Data for analysis:
————————

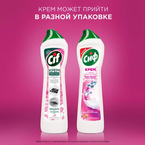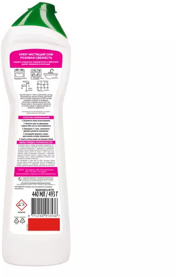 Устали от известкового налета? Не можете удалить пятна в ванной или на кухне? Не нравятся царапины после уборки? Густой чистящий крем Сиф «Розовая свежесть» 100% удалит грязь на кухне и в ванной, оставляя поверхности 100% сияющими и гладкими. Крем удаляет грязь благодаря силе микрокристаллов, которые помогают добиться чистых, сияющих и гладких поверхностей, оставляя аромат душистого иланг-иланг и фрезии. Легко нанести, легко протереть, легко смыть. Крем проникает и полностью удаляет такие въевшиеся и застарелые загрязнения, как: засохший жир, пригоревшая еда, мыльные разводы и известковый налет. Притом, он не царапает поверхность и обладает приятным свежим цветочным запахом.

————————

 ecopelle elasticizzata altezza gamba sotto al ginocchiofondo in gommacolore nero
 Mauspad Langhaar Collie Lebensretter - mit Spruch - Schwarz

————————

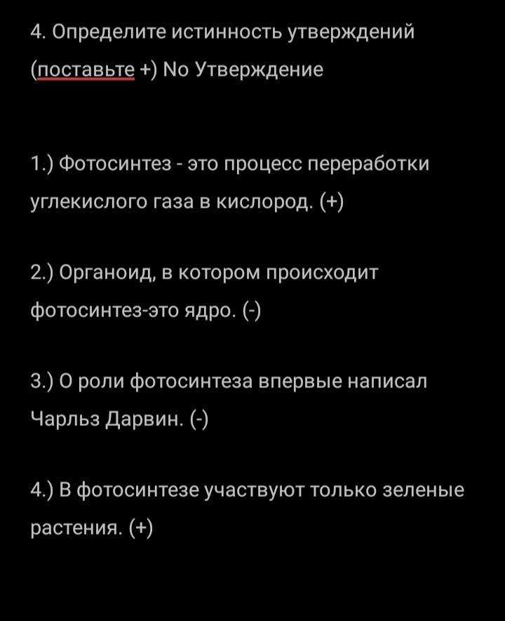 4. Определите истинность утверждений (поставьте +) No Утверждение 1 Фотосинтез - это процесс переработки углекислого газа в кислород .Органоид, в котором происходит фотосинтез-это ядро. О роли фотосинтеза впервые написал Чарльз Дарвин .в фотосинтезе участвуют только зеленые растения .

————————

Task directions: Would you copy, unchanged, the stretch of the records above that begins at the line containing "ecopelle elasticizzata altezza" and ends at the line containing "Mauspad Langhaar Collie", and only that?

Reply to the exercise:
 ecopelle elasticizzata altezza gamba sotto al ginocchiofondo in gommacolore nero
 Mauspad Langhaar Collie Lebensretter - mit Spruch - Schwarz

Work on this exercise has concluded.